There was no particular reason for me embarking on the challenge of straightening my life up. I wasn’t dissuaded, for example, when I knocked three front teeth loose after one particular passing out event in the laundry. I simply grew tired of the fact that my body wouldn’t give in and give up my ghost. I kept waking up every morning and arriving early for work, and doing my work well, and leading an apparently normal life among my workmates. I didn’t try to make friends with anyone at work, and when people tried to be friendly with me I did my best to be polite and professional while remaining distant. I would even refuse Friday arvo beers and snacks.
There is no doubt a much longer story I could reveal here. If I were to continue on from here I would pause to quote Edward Dahlberg…
“When one realises that his life is worthless, he either commits suicide or travels.”
then I would counter it by noting that, while my initial response upon reading that quote recently was one of absolute agreement, I have found on further reflection upon my own experience that it’s quite possible to balance suicidal behaviour with travel. But to go any further from here I would need to explain how the kind of suicidal behaviour I was engaged in is equivalent to ‘committing’ suicide in the manner that Edward Dahlberg meant it. Frankly, I don’t want to go any further with it. I’ve moved on, and I don’t feel there’s anything more to be gained from dwelling on it. Nothing to be gained for me, and nothing more to be gained for anyone else.
I had a piece of furniture delivered today. Then I went out and bought a TV and a DVD player to put on it. It’s the first time in 5 years that I’ve allowed myself to buy anything that might pin me down to one place and dare me to call it my home. Soon I will buy a bed frame and stop sleeping on a mattress on the floor.
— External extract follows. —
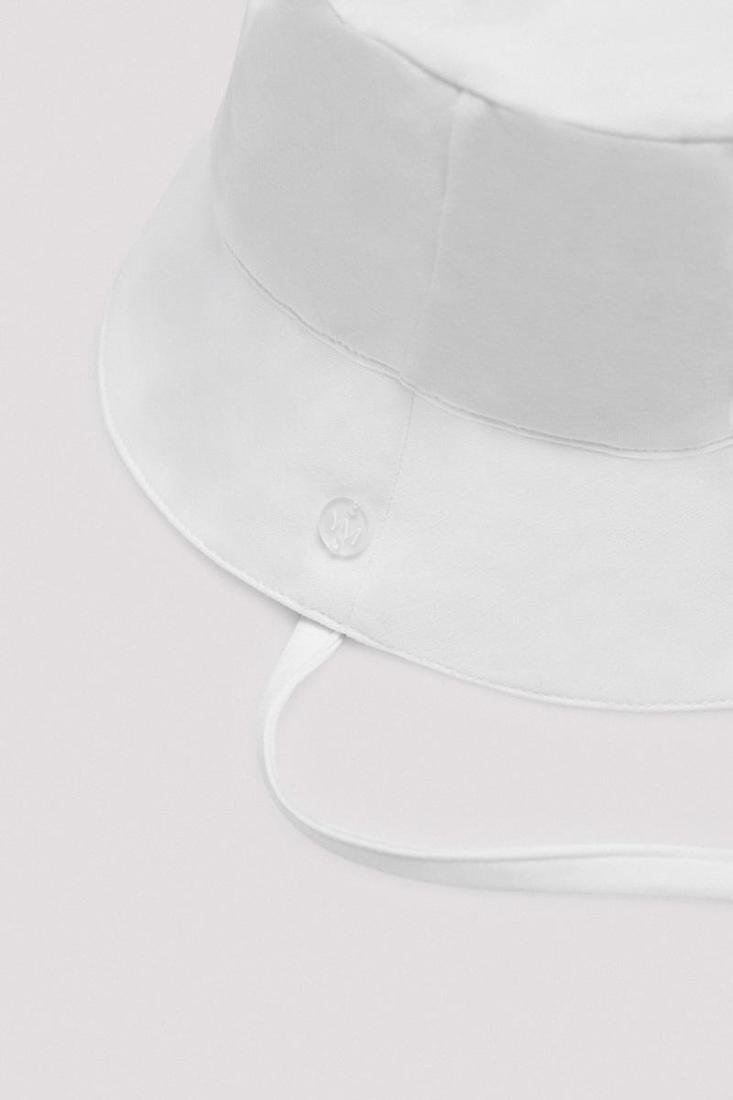 Gorro de bebé color blanco. Diseñado para protegerlo del sol. Este gorro es práctico y perfecto para mantener la cabeza del bebé protegida del calor.

I will still be traveling, but probably less often and not so far away from home.
If this were a dolphin performing a trick
of light with an arctic pear chandelier,
would mirrors be vases and sunflowers rust
on re-entry or visually similar?
If that were a theatre curtain drawn back
from an ocean wave passing your window,
would safety orange do for the dolphin
or would you prefer it tangelo?
If those were ripples in milk on the wall
and the arctic pear chandelier tinkling,
would force be the window, the window the load,
or the dolphin an armchair to brace in?